I had to show a little piglet out of an outhouse this morning after breakfast. She was hanging out in there, eating this and that. It was one of those outhouses, which look (both inside and out) like a pile of rubble and wood, and you hesitate for a moment before entering. Once I passed through the eroded wooden door that barely stayed together I could tell I was in the right place by the pile of used toilet paper in one corner, a cement squatting toilet in another and the unmistakable smell throughout. I felt compelled to describe this particular toilet, as it was the only toilet in SE Asia so far with it's own, resident pig. We started the day with some sweet coffees, while watching 'the' junction in town. The coffee was strong and sweet enough to jumpstart anyone's day. The sky was overcast, and it was chilly outside, with a strong headwind as we were heading out of town. It felt like a long day already, thoughts of hot, sweet coffee quickly fading into a distant memory. The traffic persisted most of the day, although there were a few silent breaks in between. Riding this road, I was amazed to see how much development there is in Vietnam. You hardly leave the limits of one town before you enter another. With towns come traffic and lots and lots of people, the latter could be good or bad depending on how much time you have left before it gets dark outside.

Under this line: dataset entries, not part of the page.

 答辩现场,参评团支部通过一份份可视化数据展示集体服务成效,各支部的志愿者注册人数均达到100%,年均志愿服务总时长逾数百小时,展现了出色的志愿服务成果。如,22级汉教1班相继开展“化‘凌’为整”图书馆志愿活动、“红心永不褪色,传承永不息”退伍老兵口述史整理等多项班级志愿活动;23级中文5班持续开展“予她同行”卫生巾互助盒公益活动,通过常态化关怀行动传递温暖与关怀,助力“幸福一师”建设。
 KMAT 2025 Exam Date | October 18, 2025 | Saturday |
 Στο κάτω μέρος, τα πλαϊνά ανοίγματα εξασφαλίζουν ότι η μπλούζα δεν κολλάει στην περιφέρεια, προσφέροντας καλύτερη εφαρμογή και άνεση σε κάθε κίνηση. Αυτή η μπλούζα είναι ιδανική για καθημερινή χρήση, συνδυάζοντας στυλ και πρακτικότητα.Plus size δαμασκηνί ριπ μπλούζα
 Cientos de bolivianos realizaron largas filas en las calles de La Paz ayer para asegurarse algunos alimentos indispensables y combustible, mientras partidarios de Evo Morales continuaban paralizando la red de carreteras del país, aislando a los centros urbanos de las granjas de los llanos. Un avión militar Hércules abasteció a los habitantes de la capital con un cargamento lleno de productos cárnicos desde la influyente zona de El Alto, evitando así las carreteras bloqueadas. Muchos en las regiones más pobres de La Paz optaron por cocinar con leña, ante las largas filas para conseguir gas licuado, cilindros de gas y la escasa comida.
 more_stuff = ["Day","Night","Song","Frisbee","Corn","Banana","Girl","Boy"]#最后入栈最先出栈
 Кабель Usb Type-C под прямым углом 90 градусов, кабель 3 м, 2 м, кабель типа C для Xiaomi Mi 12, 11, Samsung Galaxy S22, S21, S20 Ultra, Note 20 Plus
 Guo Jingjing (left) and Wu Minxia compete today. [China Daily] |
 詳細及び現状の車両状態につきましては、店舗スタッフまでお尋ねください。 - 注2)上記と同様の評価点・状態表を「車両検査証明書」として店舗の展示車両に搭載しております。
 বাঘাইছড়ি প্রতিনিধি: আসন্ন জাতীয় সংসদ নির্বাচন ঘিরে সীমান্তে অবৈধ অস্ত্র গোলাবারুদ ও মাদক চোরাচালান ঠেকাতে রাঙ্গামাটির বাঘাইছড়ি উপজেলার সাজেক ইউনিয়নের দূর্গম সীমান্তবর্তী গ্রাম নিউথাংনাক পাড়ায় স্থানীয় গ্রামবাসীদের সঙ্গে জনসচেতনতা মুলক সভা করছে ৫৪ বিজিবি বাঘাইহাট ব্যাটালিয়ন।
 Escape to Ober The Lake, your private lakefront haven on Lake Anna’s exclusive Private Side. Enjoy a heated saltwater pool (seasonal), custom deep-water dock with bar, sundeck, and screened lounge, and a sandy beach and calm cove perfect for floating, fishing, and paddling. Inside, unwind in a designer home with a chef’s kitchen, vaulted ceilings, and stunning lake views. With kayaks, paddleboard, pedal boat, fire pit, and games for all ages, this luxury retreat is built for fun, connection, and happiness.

The terrain was hilly, and the going was slow. We stopped one too many times along the way. By the time we started our final ascent darkness fell. It started to rain. The road got narrow, bumpy and winding. There were trucks, buses, vans, cars and scooters whizzing past us. It was not fun. Then is started to pour. We pulled into a little restaurant, hoping we could spend the night. It turned out to be our little safe haven for the night. The owner of the restaurant, a woman named Huong, was quick to pick up our vibes and asked if we'd like to spend the night in a couple of bamboo chairs in the restaurant; music to our ears. After learning some Vietnamese, the lights were out, and we began to assume a series of different positions in our chairs in hopes of finding a semi-comfortable one. Our sleep was broken into short intervals. We were interrupted by the sounds and lights of frequent trucks going by, vans full of people stopping at the restaurant to use the bathroom, and eventually the cold temperature. Wearing layers of our warmest clothes wasn't quite enough. Again, I thought of the sleeping bag we left behind in Bangkok. Then all of a sudden Huong came downstairs and covered us with a fleece blanket. That is how we spend our 5-year anniversary.

My brain!

Oops left late (More about this later). With 80 million people living in Vietnam it does seem so far like its all towns and villages along the way. One does not know where the towns start or end. We stop at one town to buy fruit from a seller and meet a young man and his mother. He was born in Vietnam but had lived in the USA for 14 years with his immediate family. This was his first time back and he was really enjoying it. At some point we met Sau. Sau spoke pretty good English something he had picked up working as a liaison and aircraft mechanic during the American war. He was probably in his 70s. He asked us if we would like to have coffee and chat for a while before we rode on. It was a nice break before we carried on. We again stopped a little later on for lunch and again later for coffee. Just before our last 30kms, a stomach cried out for food. Just then it started to rain quite heavily and darkness was not far away. As we rode on and darkness settled in the rain started pounding down. We rode uphill continually being passed by trucks, buses, vans, and scooters. We started getting a little concerned about stopping too many times and not staying put in the last town some 30kms back. This is the oops. Just when the nerves felt rather fried we came around a corner that had the dying lights of a resturant. We rode towards it knowing we were not going any further. This is where we met Huong, the proprieter. We ordered a nice sweet coffee, and settled in. She must have picked up on us not wanting to go on further as she asked us quite quickly if we wanted to stay. It was an easy choice. We had to choose between wet, dark, hilly, vehicle-infested road, or not so comfy, cold bamboo chairs. Choice was made. The night was long and cold, but we are now able to understand how many people sleep outside in the cities of Asia with noise, temperatures and uncomfortable beds.